— Requirement —
Note on the material below: return exactly the lines from the line that holds "13 - يَأْتِي" through the line that holds "LEASY德國領致空氣能戰(zhàn)略", and leave out each picture.

— Extracted records —
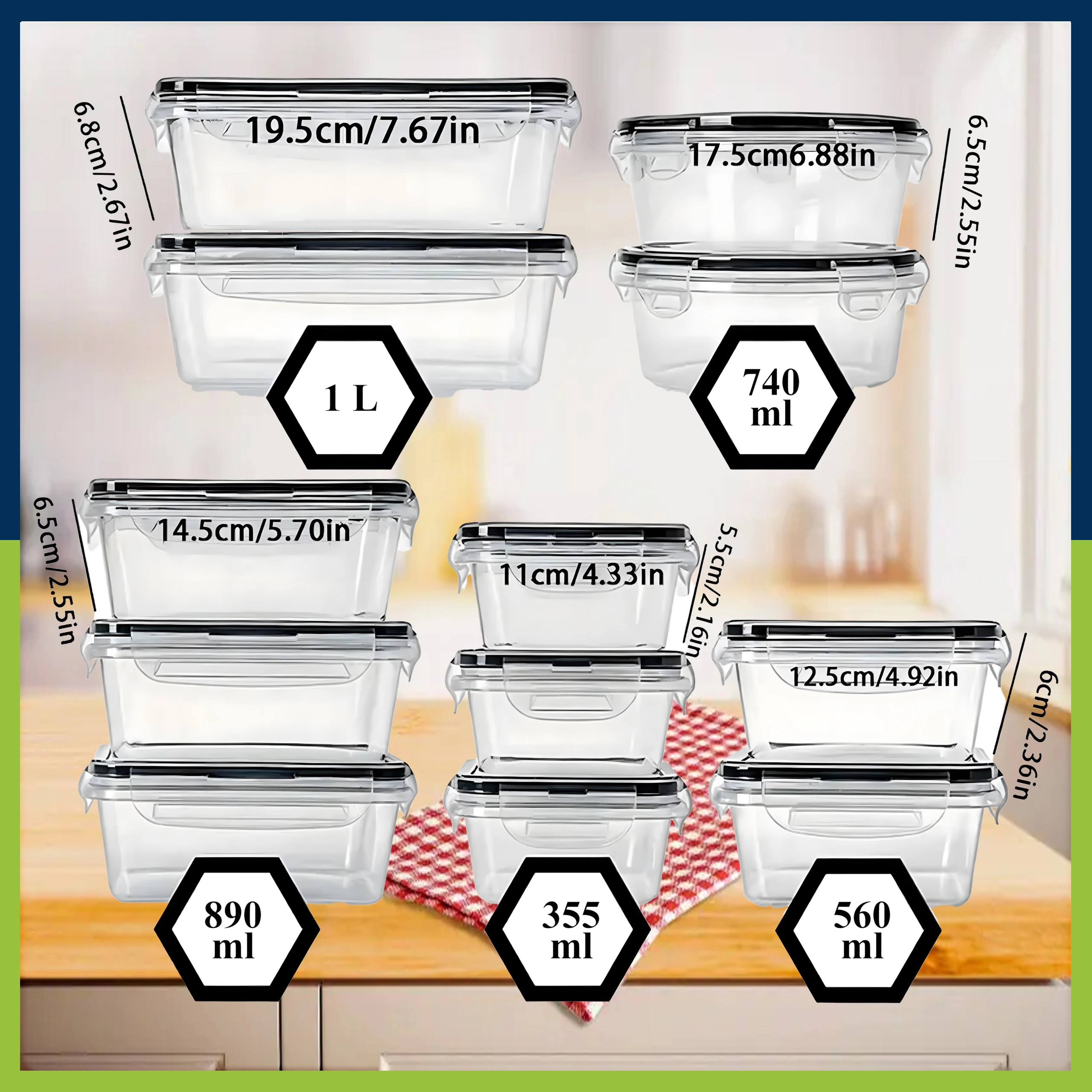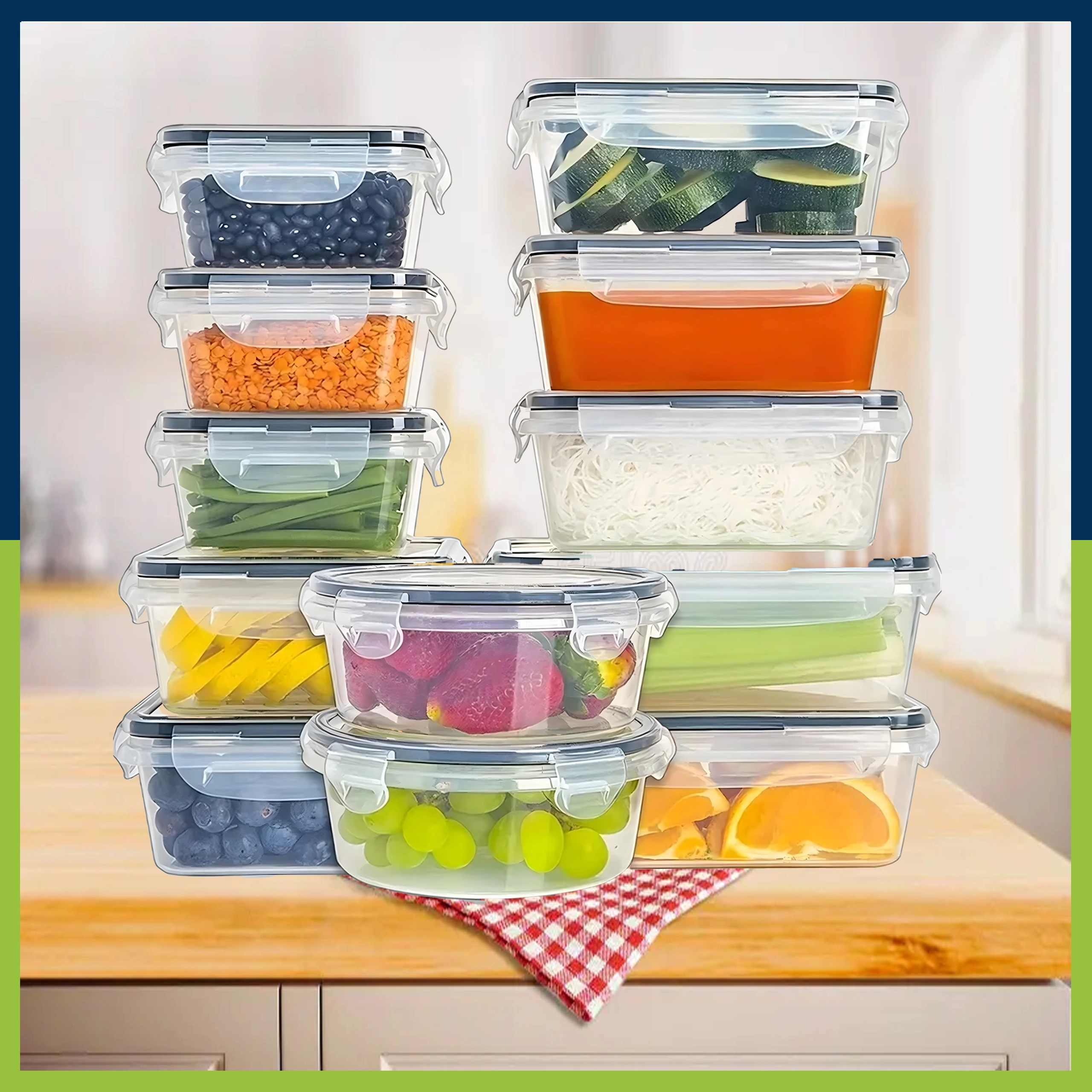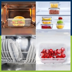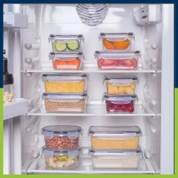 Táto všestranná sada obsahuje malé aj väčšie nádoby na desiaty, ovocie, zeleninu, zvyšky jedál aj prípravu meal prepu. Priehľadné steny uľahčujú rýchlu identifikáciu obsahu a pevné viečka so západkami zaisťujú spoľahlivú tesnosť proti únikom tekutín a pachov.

...

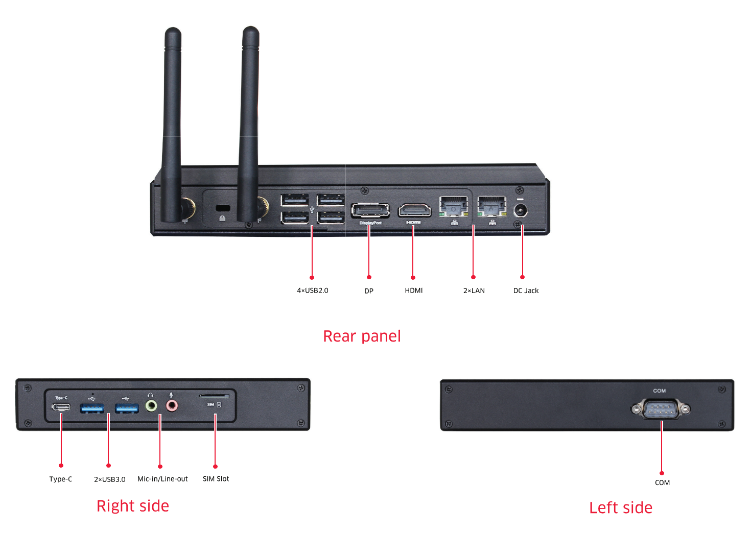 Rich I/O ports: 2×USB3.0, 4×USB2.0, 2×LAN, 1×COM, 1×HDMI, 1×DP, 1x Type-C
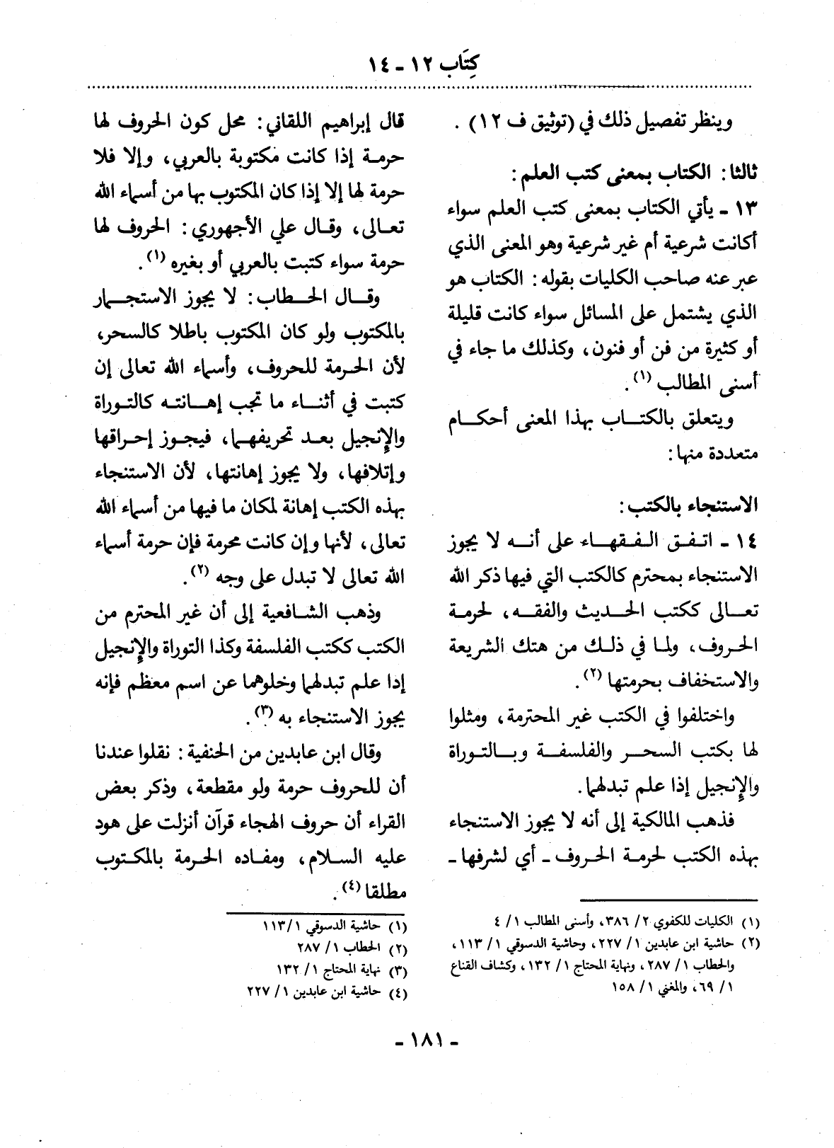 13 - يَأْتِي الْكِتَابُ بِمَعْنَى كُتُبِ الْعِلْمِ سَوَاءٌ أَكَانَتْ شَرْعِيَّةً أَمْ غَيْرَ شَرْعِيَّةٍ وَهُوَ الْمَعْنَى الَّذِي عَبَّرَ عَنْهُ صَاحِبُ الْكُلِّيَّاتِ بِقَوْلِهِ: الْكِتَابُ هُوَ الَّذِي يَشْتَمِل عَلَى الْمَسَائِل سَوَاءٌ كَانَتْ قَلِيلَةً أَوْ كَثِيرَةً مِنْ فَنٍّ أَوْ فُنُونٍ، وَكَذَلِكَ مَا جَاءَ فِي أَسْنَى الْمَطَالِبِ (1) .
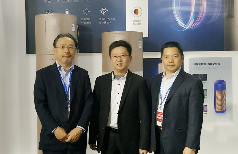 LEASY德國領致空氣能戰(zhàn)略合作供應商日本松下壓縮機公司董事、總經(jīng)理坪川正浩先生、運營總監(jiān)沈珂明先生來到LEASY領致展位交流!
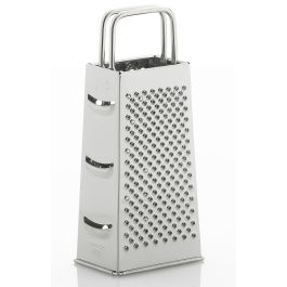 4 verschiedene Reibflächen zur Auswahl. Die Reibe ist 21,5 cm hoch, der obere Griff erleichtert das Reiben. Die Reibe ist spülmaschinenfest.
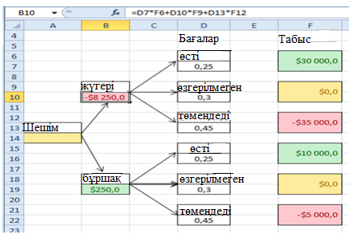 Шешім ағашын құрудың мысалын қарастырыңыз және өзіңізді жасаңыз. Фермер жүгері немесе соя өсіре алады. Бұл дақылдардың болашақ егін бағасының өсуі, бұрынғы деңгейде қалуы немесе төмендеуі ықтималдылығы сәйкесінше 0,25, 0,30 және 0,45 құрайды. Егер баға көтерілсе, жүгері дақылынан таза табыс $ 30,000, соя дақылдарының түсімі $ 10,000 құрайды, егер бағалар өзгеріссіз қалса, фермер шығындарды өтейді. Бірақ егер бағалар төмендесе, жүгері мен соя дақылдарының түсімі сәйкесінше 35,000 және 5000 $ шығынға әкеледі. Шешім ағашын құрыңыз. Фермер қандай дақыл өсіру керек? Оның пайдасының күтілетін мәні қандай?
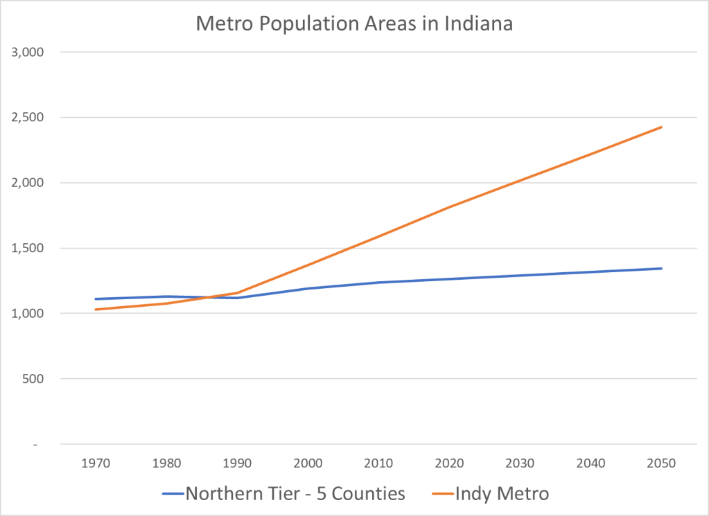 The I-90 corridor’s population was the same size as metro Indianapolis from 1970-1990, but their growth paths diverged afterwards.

— Output for this task —
 13 - يَأْتِي الْكِتَابُ بِمَعْنَى كُتُبِ الْعِلْمِ سَوَاءٌ أَكَانَتْ شَرْعِيَّةً أَمْ غَيْرَ شَرْعِيَّةٍ وَهُوَ الْمَعْنَى الَّذِي عَبَّرَ عَنْهُ صَاحِبُ الْكُلِّيَّاتِ بِقَوْلِهِ: الْكِتَابُ هُوَ الَّذِي يَشْتَمِل عَلَى الْمَسَائِل سَوَاءٌ كَانَتْ قَلِيلَةً أَوْ كَثِيرَةً مِنْ فَنٍّ أَوْ فُنُونٍ، وَكَذَلِكَ مَا جَاءَ فِي أَسْنَى الْمَطَالِبِ (1) .
 LEASY德國領致空氣能戰(zhàn)略合作供應商日本松下壓縮機公司董事、總經(jīng)理坪川正浩先生、運營總監(jiān)沈珂明先生來到LEASY領致展位交流!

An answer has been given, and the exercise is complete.